DIRECTIONS FOR THIS TASK
Within the records below, reproduce without change the lines from the line that has "GRESIK – Liputan" through the line that has "Crafted from linencotton", and only those.
======== DATA RECORDS
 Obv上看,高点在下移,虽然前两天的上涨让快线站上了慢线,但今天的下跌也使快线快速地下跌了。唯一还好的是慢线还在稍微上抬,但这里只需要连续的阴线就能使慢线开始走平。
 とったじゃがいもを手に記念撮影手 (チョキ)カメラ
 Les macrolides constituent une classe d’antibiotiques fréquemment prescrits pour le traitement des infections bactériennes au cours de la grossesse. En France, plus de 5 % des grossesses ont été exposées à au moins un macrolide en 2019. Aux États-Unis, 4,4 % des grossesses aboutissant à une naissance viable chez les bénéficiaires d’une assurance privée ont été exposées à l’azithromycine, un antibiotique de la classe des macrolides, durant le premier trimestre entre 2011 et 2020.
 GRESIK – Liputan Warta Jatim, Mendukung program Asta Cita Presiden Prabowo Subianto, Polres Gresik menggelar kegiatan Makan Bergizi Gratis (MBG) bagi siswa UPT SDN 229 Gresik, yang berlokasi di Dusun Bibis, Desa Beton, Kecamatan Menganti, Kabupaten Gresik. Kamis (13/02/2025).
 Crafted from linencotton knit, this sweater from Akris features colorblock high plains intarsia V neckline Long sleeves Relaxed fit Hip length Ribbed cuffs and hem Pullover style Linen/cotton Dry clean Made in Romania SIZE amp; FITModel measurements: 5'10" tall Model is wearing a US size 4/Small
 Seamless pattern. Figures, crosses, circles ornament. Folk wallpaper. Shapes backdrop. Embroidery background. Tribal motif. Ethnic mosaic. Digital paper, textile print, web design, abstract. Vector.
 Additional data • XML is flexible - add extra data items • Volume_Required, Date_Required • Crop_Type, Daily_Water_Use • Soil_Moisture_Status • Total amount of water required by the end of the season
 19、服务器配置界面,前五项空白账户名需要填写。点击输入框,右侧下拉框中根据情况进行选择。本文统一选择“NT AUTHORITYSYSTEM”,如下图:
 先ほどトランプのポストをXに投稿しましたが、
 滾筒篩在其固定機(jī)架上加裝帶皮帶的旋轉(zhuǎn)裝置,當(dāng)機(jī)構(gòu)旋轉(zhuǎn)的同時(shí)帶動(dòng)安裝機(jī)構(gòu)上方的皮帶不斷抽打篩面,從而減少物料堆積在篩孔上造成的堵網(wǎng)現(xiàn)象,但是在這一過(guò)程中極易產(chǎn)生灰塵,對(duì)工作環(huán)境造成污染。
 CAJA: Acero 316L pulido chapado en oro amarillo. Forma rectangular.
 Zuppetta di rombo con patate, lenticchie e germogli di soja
================
ANSWER TO THIS PROBLEM
 GRESIK – Liputan Warta Jatim, Mendukung program Asta Cita Presiden Prabowo Subianto, Polres Gresik menggelar kegiatan Makan Bergizi Gratis (MBG) bagi siswa UPT SDN 229 Gresik, yang berlokasi di Dusun Bibis, Desa Beton, Kecamatan Menganti, Kabupaten Gresik. Kamis (13/02/2025).
 Crafted from linencotton knit, this sweater from Akris features colorblock high plains intarsia V neckline Long sleeves Relaxed fit Hip length Ribbed cuffs and hem Pullover style Linen/cotton Dry clean Made in Romania SIZE amp; FITModel measurements: 5'10" tall Model is wearing a US size 4/Small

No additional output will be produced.